I have got enough information from comments and a deleted answer from @AntoninLejsek that I can answer this myself.我从评论和@AntoninLejsek 删除的答案中获得了足够的信息,我可以自己回答这个问题。

TL;DR C++ compiler does much better job optimizing and C# managed array access costs a lot when done in loop. TL;DR C++ 编译器在优化方面做得更好,并且在循环中完成 C# 托管数组访问成本很高。 However unsafe code and fixed access is not enough to match C++.然而,不安全的代码和固定访问不足以匹配 C++。

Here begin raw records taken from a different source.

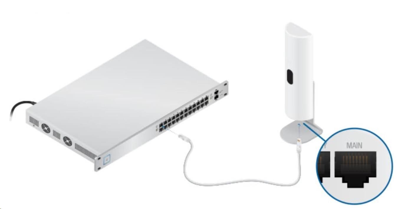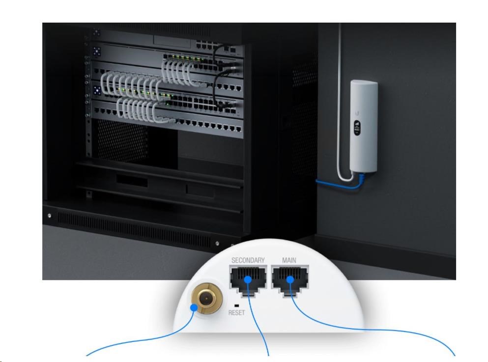 Ubiquiti U-LTE-Pro możesz umieścić w dowolnym miejscu o najlepszym sygnale, ponieważ można go zasilać przez PoE+ 802.3at z przełącznika, np. jak UniFI PoE Switch. Możesz go zamontować na ścianie za pomocą uchwytu montażowego lub użyć metod klejenia i mocowania na powierzchni. Urządzenie posiada port sekundarny, który oferuje przelotkę i pasywny przesył PoE (przydatny dla kamery, punktu dostępowego lub innego urządzenia).
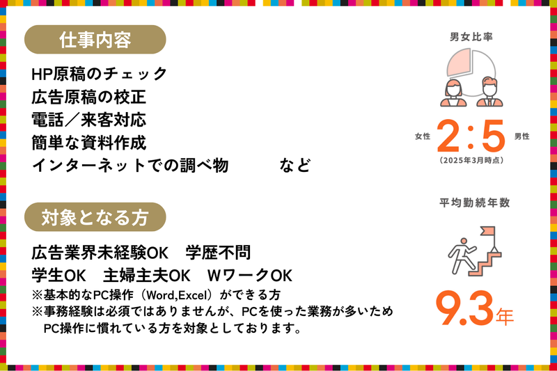 求めている人材 基本的なPC操作(Word,Excel)ができる方 ※事務経験は必須ではありませんが、PCを使った業務が多いため、PC操作に慣れている方を対象としております。 広告業界未経験OK 学歴不問 学生OK 主婦主夫OK
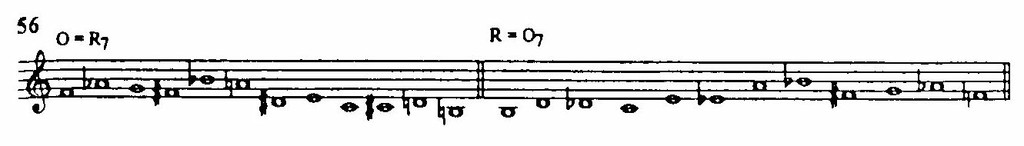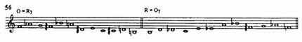 Во-первых, выбираются серии с элементами симметрии в соотношении звуков. Так, серия Симфонии равна своему ракоходу в седьмой транспозиции благодаря тому, что ее вторая половина представляет собой ракоход первой, смещенный на тритон (пример 56). В итоге квадрат из сорока восьми серий реально содержит лишь двадцать четыре разные серии.

It seems we need to optimize the C# code manually to get performance comparable to C++.看来我们需要手动优化 C# 代码才能获得与 C++ 相当的性能。

  1. Unroll loops展开循环
  2. Use unsafe code for fixed array access使用不安全代码进行固定数组访问
  3. Don't access the array repeatedly - rather store the item into local variable.不要重复访问数组 - 而是将项目存储到局部变量中。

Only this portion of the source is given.